32 graph algorithms as SQL table functions

Every algorithm runs inside the same SQL engine that reads your tables, not in a separately deployed query layer. Call one from a SELECT, join its output to any table, and feed it straight into a MERGE or a chart in one statement. 18 ship with GPU implementations selectable via the ON GPU Cypher hint.

Centrality (8)

graph_pagerank(), graph_articlerank(), graph_eigenvector(), graph_hits(), graph_betweenness(), graph_closeness(), graph_harmonic(), graph_degree()

Community Detection (10)

graph_louvain(), graph_leiden(), graph_labelpropagation(), graph_components(), graph_scc(), graph_kcore(), graph_lcc(), graph_triangle_count(), graph_modularity(), graph_conductance()

Topology & Connectivity (2)

graph_bridges(), graph_articulationpoints()

Pathfinding (9)

graph_shortest_path() (Dijkstra), graph_bellmanford(), graph_deltastepping(), graph_astar(), graph_yens(), graph_bfs(), graph_dfs(), graph_mst(), graph_randomwalk()

Similarity (2)

graph_knn(), graph_similarity() (Jaccard, Adamic-Adar, common neighbors)

Node Embeddings (1)

graph_fastrp() (Fast Random Projection embeddings)
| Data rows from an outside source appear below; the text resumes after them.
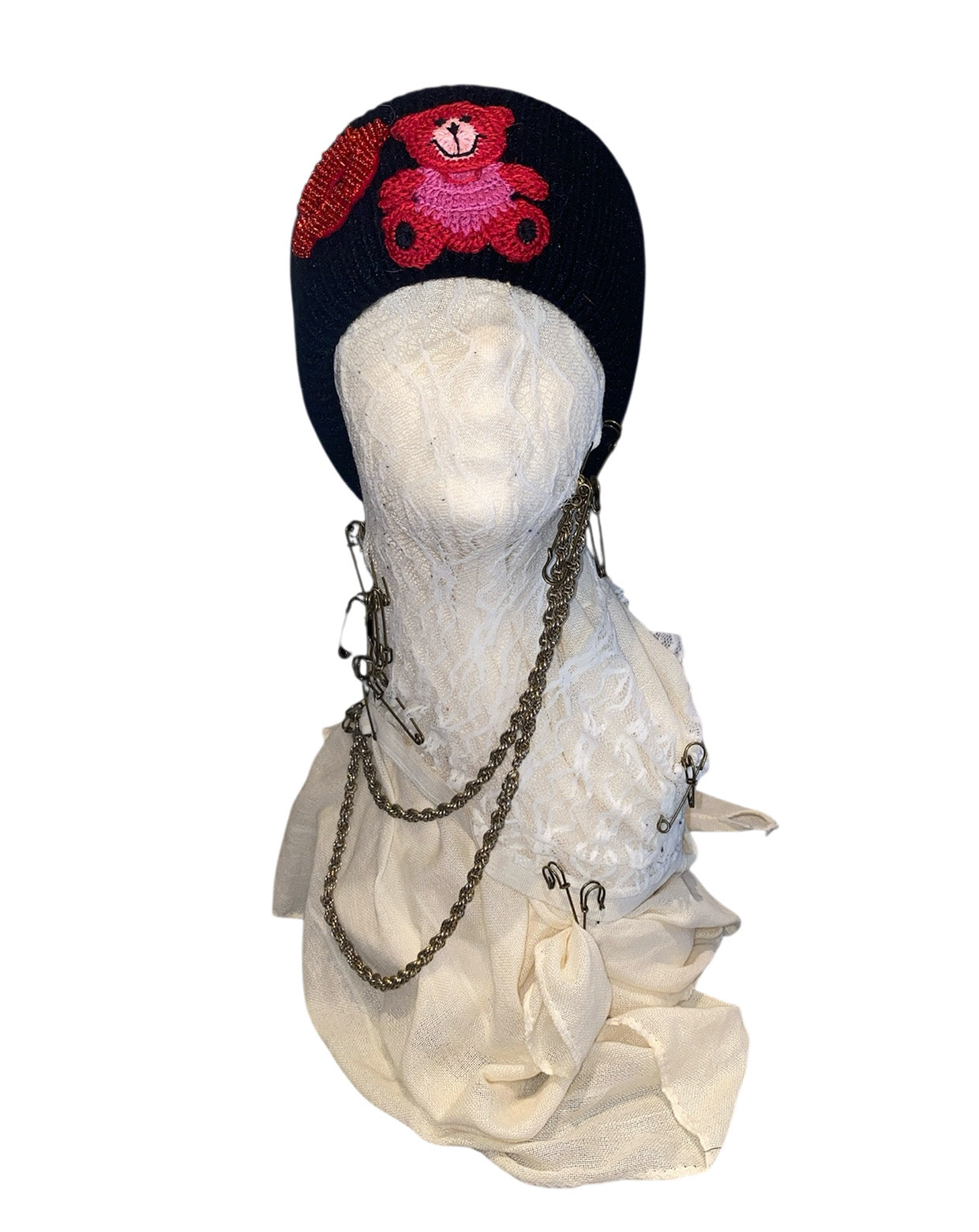 • 画像をギャラリービューアに読み込む, Bear Knit Hat-Black
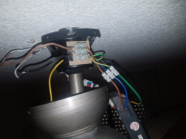 Tengo un ventilador Inspire de Leroy Merlin, concretamente el Cambridge, que funcionaba perfectamente, pero al cambiarlo de domicilio e instalarlo, consigo conectar la luz con el mando pero no la función de ventilador. La única diferencia es que en el nuevo domicilio, la instalación no tiene toma de tierra. ¿Puede ser debido a esto? Adjunto una foto de la instalación actual. Tan sólo he conectado los dos cables que van a la ficha puesto que todos los demás van preinstalados, y además funcionaban en la otra casa. Muchas gracias!
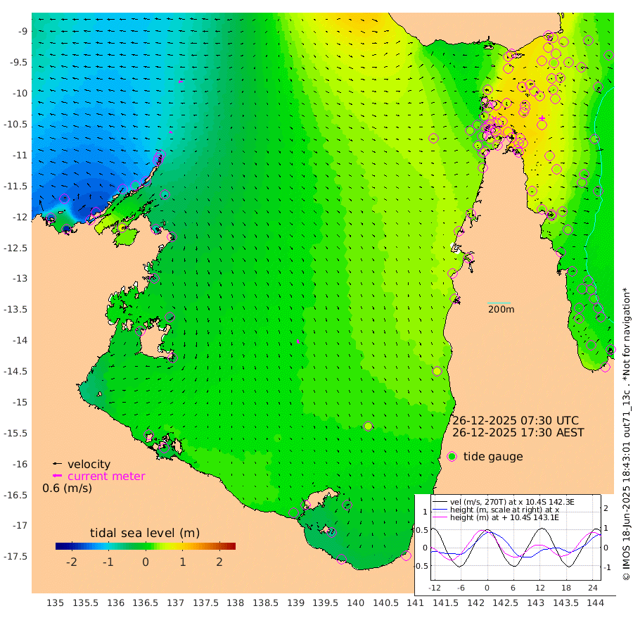 19cm/s -79T +3cm/s rms + 7cm/s -42T. ARA-GOC87 57m 27cm/s 165T +3cm/s rms + 2cm/s -2T. ARA-GOC87 60m 29cm/s -90T +2cm/s rms + 3cm/s 61T. ARA-GOC87 47m 65cm Daru 49cm Bobo Island 15cm Meer Island Barge 29cm Bramble Cay 50cm Unnamed Cay 34cm Pearce Cay 39cm Stephens Island 52cm Merrie England Shoals 70cm Mutacomal Reef 36cm Darnley Island Barge 21cm East Cay 47cm Yorke Island Barge 52cm Rennel Island 44cm Aureed Island 55cm Dungeness Reef 69cm Zagai Island 81cm Yam Island 76cm Dauan Island 81cm Saibai Island 65cm Phipi Reef 82cm Warrior Reef - West 62cm Mabuiag Island Barge 52cm Half Way Island 59cm Coconut Island 60cm Dugong Islet 65cm Poll Island 75cm Kirkcaldie Reef 60cm Suarji Island 71cm Sue Islet 44cm Hawkesbury Island 66cm Alert Patches 70cm Twin Island 41cm Badu Island 73cm St Pauls (Moa Island) 52cm Kubin (Moa Island) 65cm Ince Point 60cm Thursday Island 61cm Nardana Patches 51cm Turtle Head 42cm Round Island 34cm Goods Island 31cm Booby Island 27cm White Rocks Area 43cm Carpentaria 61cm Papou Point 24cm Bampfield Head 35cm Crab Island 44cm Red Wallis Island 59cm Packe Island 62cm Harrington Reef 56cm Herald Camp 31cm Sharp Point 48cm Red Island Point 45cm Possession Island 75cm Alpha Rock 69cm Frederick Point 64cm Wyborn Reef Light 68cm Tetley Island 24cm Triangle Reef 45cm Turtle Head Island 22cm Maclennan Cay 7cm Raine Island 45cm Mcsweeny Reef 41cm Collette Reef 24cm Shadwell Reef 40cm Hannibal Island 30cm Round Point 39cm Vrilya Point 32cm Cape Grenville 22cm Hicks Island 33cm Sir Charles Hardy Island 10cm Harvey Island 24cm Kay Reef 13cm Rocky Island 9cm Chapman Island 13cm Ham Reef 14cm Jubilee Reef 16cm Night Island 15cm Unnamed Reef No. 3 12cm Morris Island 4cm 1st 3 Mile Opening 13cm Creech Reef 19cm Fife Island 3cm Eden Reef 15cm Stanley Island 11cm Normanby River -164cm Yabooma Island -190cm Hutchison River -168cm Elcho Island -159cm North West Crocodile Island -93cm Cape Wessel -138cm Stevens Island -70cm Guluwuru Island -131cm Hopeful Bay -120cm Auster Point -113cm Two Island Bay -141cm Cadell Strait 70cm Mallison Island -75cm Melville Bay (Gove Harbour) -77cm Truant Island -47cm Cape Arnhem -47cm Cape Grey -39cm Hawk Island -39cm Milner Bay (Groote Eylandt) -25cm Cape Beatrice -3cm West Island -8cm Centre Island 8cm Mornington Island 7cm West Wellesley Islands -15cm Bountiful Island -44cm Albert River Mouth -72cm Sweers Island -30cm Karumba 38cm Nassau River Offshore 57cm Christmas Creek 39cm Archer River 42cm Boyd Point 35cm Weipa (Humbug Point) 31cm Pennefather River 45cm Cullen Point

GPU acceleration via the `ON GPU` Cypher hint

Eighteen algorithms ship with WGSL compute shaders that run on any cross-vendor wgpu device (NVIDIA, AMD, Intel, Apple). Numerically identical to the CPU path, verified against Neo4j + GDS 2.6.9 on Zachary's karate club.

GPU-accelerated (18)

PageRank, ArticleRank, Eigenvector, HITS, Betweenness, Harmonic, Louvain, Label Propagation, Connected Components, K-Core, LCC, Triangle Count, Modularity, Conductance, Bellman-Ford, Delta-Stepping, Random Walk, FastRP.

CPU-only by design (14)

Leiden refinement, Bridges, Articulation Points, A*, Yen's K-shortest paths, Closeness, SCC, Shortest Path (Dijkstra), BFS, DFS, MST, KNN, Similarity, Degree. Sequential by construction; GPU offers no speedup.

Strict dispatch

ON GPU means "run on GPU or error". No silent CPU fallback. Below-threshold graphs override with ON GPU THRESHOLD 1; a missing GPU implementation errors with a clear message instead of producing inconsistent results.

Storage modes

Nodes and edges live in regular Delta tables; choose the column layout that fits

Flattened

Structured columns for fixed-schema graphs. Best for analytics-heavy scans.

Hybrid

Structured edge columns with a property map for flexible attributes. Balances scan speed with schema flexibility.

JSON

Full graph structure in JSON columns for deeply nested or heterogeneous schemas.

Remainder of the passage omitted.